The role of IKZF1 rs4132601 and Δ4-7 somatic deletion in acute lymphoblastic leukemia: a bioinformatics and case-control study.

Abstract

Objectives: IKZF1 is a key regulator of lymphocyte differentiation, and its alterations are associated with increased risk and poor outcomes in acute lymphoblastic leukemia (ALL). This study examines the association of IKZF1 rs4132601 polymorphism and Δ4-7 somatic deletion with the susceptibility to ALL while also analyzing their molecular implications through bioinformatics.
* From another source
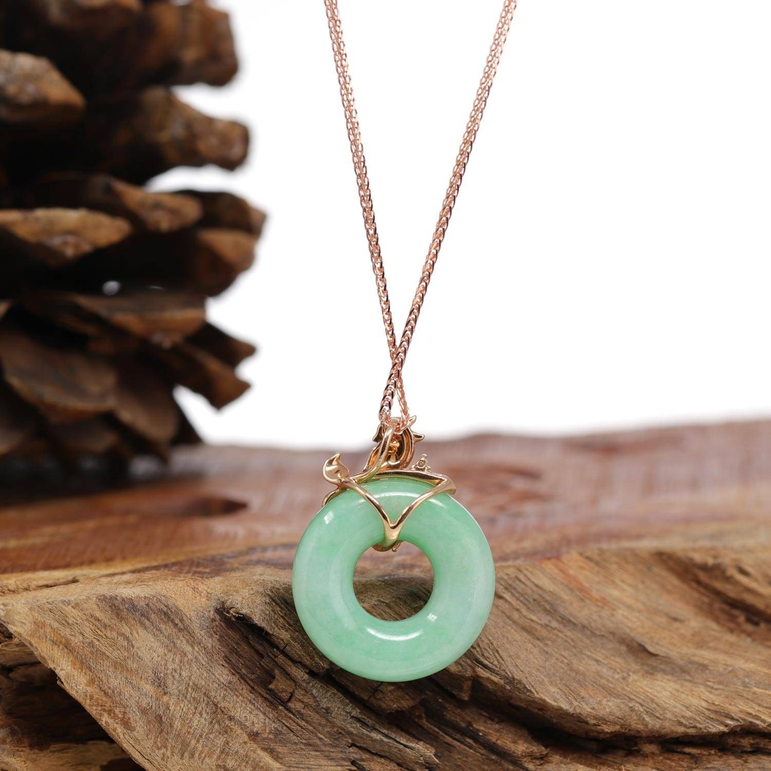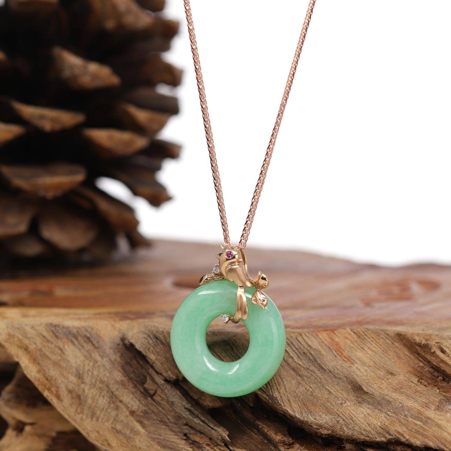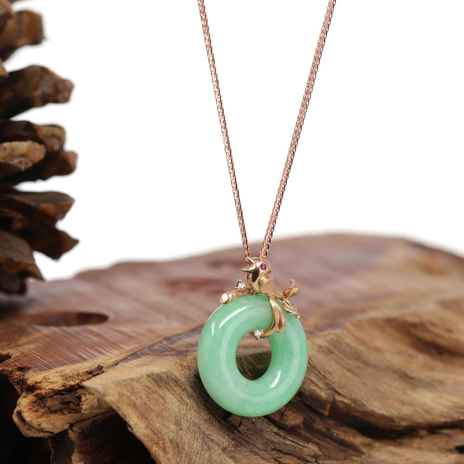 * DESIGN CONCEPT--- Genuine Burmese Jadeite Pendant Necklace with an 18k Rose Gold Bail dazzled with Diamonds & AA Ruby. This pendant is made with high-quality genuine jadeite in a vibrant apple green color. The jade texture is smooth and semi-translucent without any clouds or natural lines. The bail is crafted with solid 18k rose gold in a bird design, dazzled with diamonds and AA ruby. The jadeite pendant's style is a good luck bird standing on the lucky "Circle Of Heaven". It means prosperity, good luck, and safety. The pendant looks so lovely and exquisite. It's a perfect gift for yourself and your love.

Methods: This case-control study was conducted on 58 pediatric patients diagnosed with ALL and 150 healthy controls. Genotyping for the IKZF1 rs4132601 variant was performed by PCR followed by sequencing, while the Δ4-7 deletions were identified using multiplex PCR. Bioinformatics analyses were used to calculate the difference in free energy of hybridization for each wild-type vs. the variant allele and analyze potential disruptions in putative miRNA-binding sites of IKZF1 3'UTR and changes in RNA secondary structure.

Results: The presence of the rs4132601 G allele was significantly associated with a reduced risk of ALL development [OR(95%ci), 0.36(0.19,0.69)], and a strong association with the Δ4-7 deletion was noted [RR(95%ci), 8.33(1.57-10.69)]. The rs4132601 polymorphism disrupts miRNA binding sites, particularly miR-1261, miR-524-3p, and miR-525-3p, potentially impairing post-transcriptional control of IKZF1. Bioinformatics analyses further indicate that the G allele stabilizes the RNA secondary structure, which hinders normal IKZF1 post-transcriptional regulation and promotes leukemogenesis.

Discussion: Our study underscores the association between the rs4132601 polymorphism and Δ4-7 deletion and heightened risk of pediatric ALL. We favor the notion that the rs4132601G allele contributes to leukemogenesis by affecting miRNA-mediated regulation and RNA structural stability. These findings support the potential of IKZF1-targeted, miRNA-based therapies in pediatric ALL.